So today (or yesterday, I guess, as of almost three hours ago) marks the official start of Freedom to Read Week, which is like Banned Books Week, except Canadian. The idea is that you stick it to all those fools who somewhere along the line got the impression that freedom of speech ends just shy of the printing press by reading a bunch of books that seriously pissed said people off. I think it’s a peachy idea, although I never remember to schedule my reading appropriately (I read enough banned books anyway). I figured in the spirit of the week I’d compile a list of banned/challenged books I’ve read over the years, just like the nice lady over at 50 Books did.

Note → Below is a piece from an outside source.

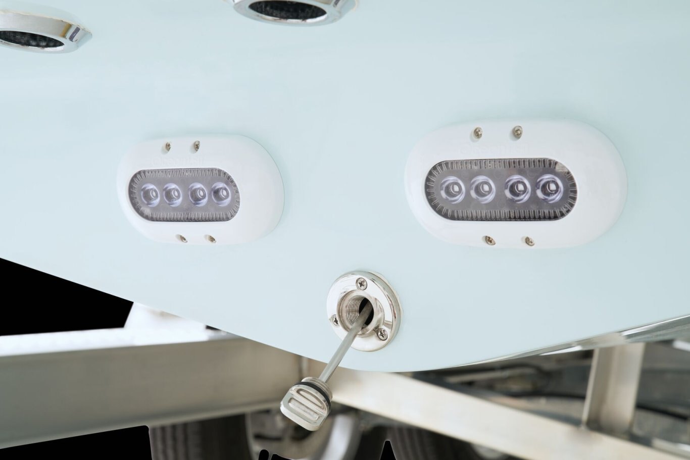 ELECTRONICS Digital speedometer, Tach, Fuel, Trim & Water Pressure by engine manufacturer Heavy duty 6 ga. TM wiring w/60 amp breakers Corrosion resistant wiring w/ resettable breakers 12V DC power receptacle Console panel w/ stainless push-button switching w/ 30 amp breaker LED cockpit, compartment & livewell light package LED under water lights

Here’s my list (culled from a variety of lists, as the “offical” one on the Freedom to Read site is pretty thin):
- Aristophanes. Lysistrata
- Bradbury, Ray. The Martian Chronicles
- Brothers Grimm. The Complete Grimm’s Fairy Tales
- Carroll, Lewis. Alice’s Adventures in Wonderland
- Chaucer, Geoffrey. Canterbury Tales
- Conrad, Joseph. Heart of Darkness
- Dahl, Roald. James and the Giant Peach
- Defoe, Daniel. Moll Flanders
- Eliot, George. Silas Marner
- Escher, M.C. The Graphic Work of M.C. Escher
- Faulkner, William. As I Lay Dying
- Fitzgerald, F. Scott. The Great Gatsby
- Golding, William. Lord of the Flies
- Handford, Martin. Where’s Waldo?
- Hemingway, Ernest. The Sun Also Rises
- Huxley, Aldous. Brave New World
- Joyce, James. Ulysses
- Kesey, Ken. One Flew Over the Cuckoo’s Nest
- King, Stephen. It
- Lawrence, Margaret. Stone Angel
- Lee, Harper. To Kill A Mockingbird
- Lewis, C. S. Chronicles of Narnia
- Locke, John. Essay Concerning Human Understanding
- London, Jack. Call of the Wild
- Marquez, Gabriel Garcia. One Hundred Years of Solitude
- Mayle, Peter. Where Did I Come From?
- Mitchell, W.O. Who Has Seen The Wind
- Morrison, Toni. Song of Solomon
- Nabokov, Vladimir. Lolita
- Orwell, George. 1984
- Richler, Mordecai. The Apprenticeship of Duddy Kravitz
- Rockwell, Thomas. How to Eat Fried Worms
- Rousseau, Jean-Jacques. Confessions
- Rowling, J.K. Harry Potter and … (the whole series)
- Rushdie, Salman. The Satanic Verses
- Salinger, J.D. The Catcher in the Rye
- Shakespeare, William. Hamlet
- Shakespeare, William. King Lear
- Shakespeare, William. Macbeth
- Shakespeare, William. Romeo & Juliet
- Shelley, Mary. Frankenstein
- Steinbeck, John. East of Eden
- Vonnegut, Kurt. Slaughterhouse-Five
This is all I can think of at the moment, although there must be more. (How could Ada or Ardor: A Family Chronicle avoid the list, for example, or Light in August? Given how much these idiots enjoy banning the very best, those two works should have been easy targets.) Interestingly, I have also read most of those over the last eight years.